- EXERCISE PROMPT: In the records below, reproduce exactly the lines from the one containing "HERMES Set di" through the one containing "Poniższa część raportu", both included, and omit the pictures.

- DATA FOR REVIEW:
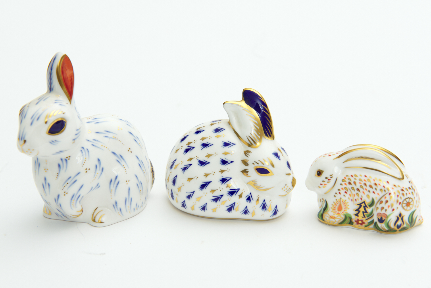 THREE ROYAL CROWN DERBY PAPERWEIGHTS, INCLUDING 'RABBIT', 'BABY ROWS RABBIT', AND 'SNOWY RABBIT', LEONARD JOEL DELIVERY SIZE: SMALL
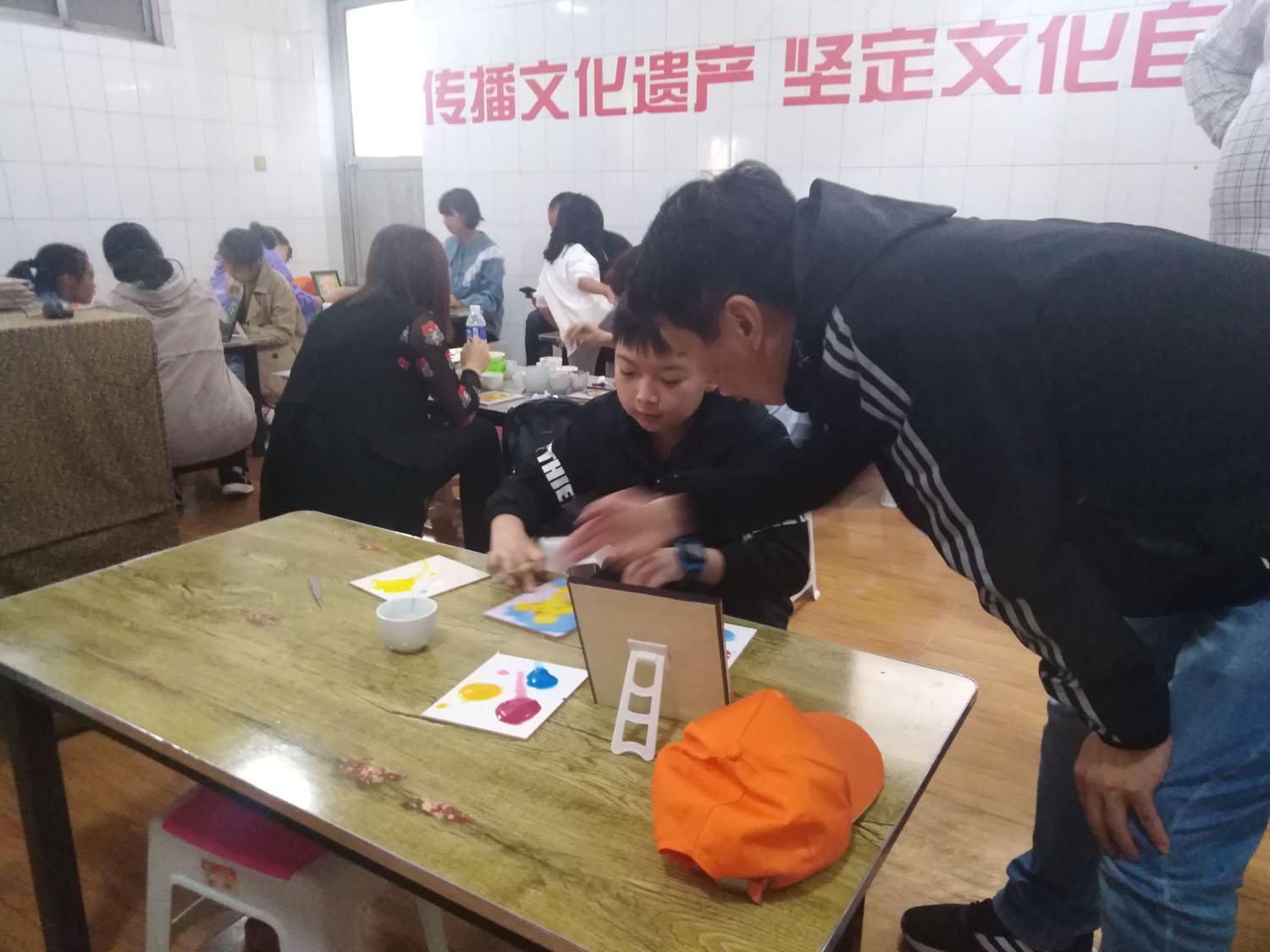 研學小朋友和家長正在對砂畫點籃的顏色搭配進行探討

==

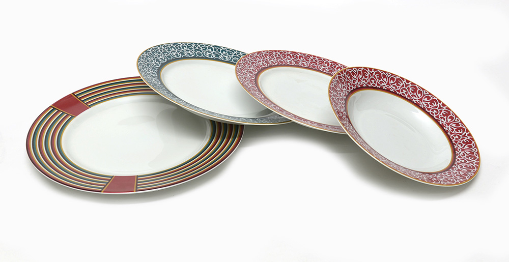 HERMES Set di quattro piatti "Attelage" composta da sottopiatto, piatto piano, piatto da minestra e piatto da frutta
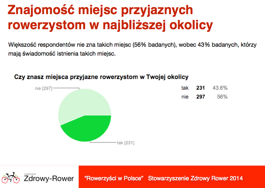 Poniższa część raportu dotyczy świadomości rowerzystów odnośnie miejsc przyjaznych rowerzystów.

...

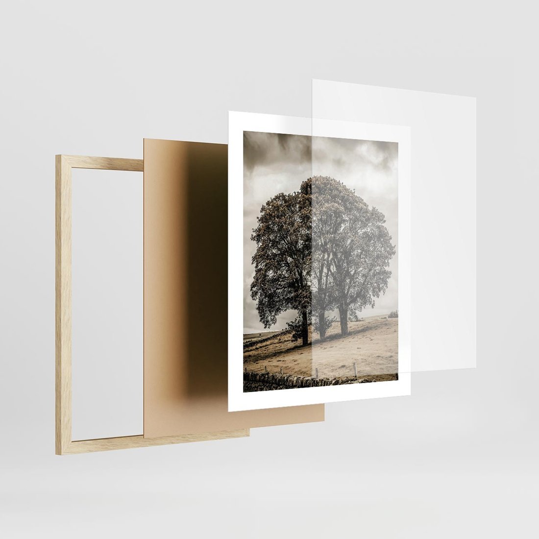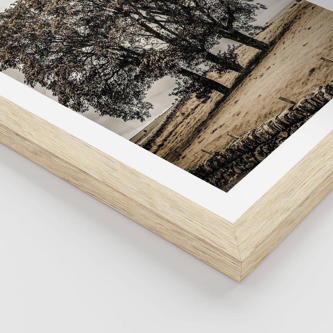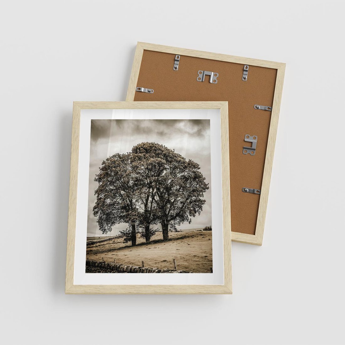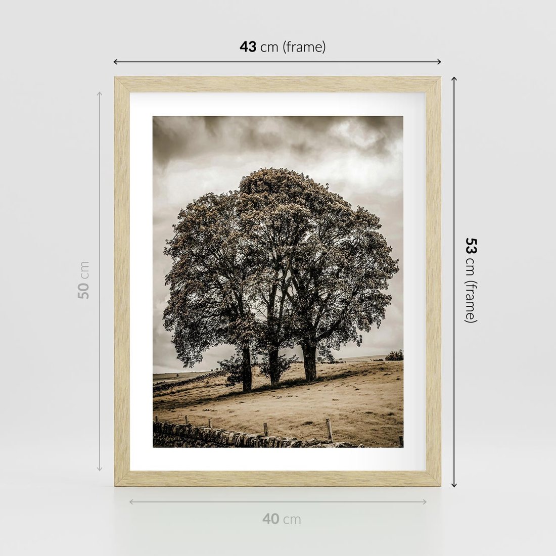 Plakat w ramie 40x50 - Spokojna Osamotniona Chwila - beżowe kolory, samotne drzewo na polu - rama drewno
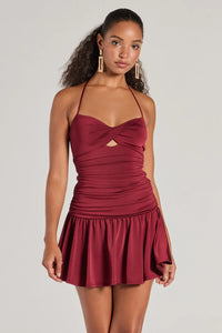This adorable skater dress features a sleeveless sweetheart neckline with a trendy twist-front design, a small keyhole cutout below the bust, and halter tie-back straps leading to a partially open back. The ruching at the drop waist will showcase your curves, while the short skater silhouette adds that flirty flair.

- SOLUTION FOR THIS EXERCISE:
 HERMES Set di quattro piatti "Attelage" composta da sottopiatto, piatto piano, piatto da minestra e piatto da frutta
 Poniższa część raportu dotyczy świadomości rowerzystów odnośnie miejsc przyjaznych rowerzystów.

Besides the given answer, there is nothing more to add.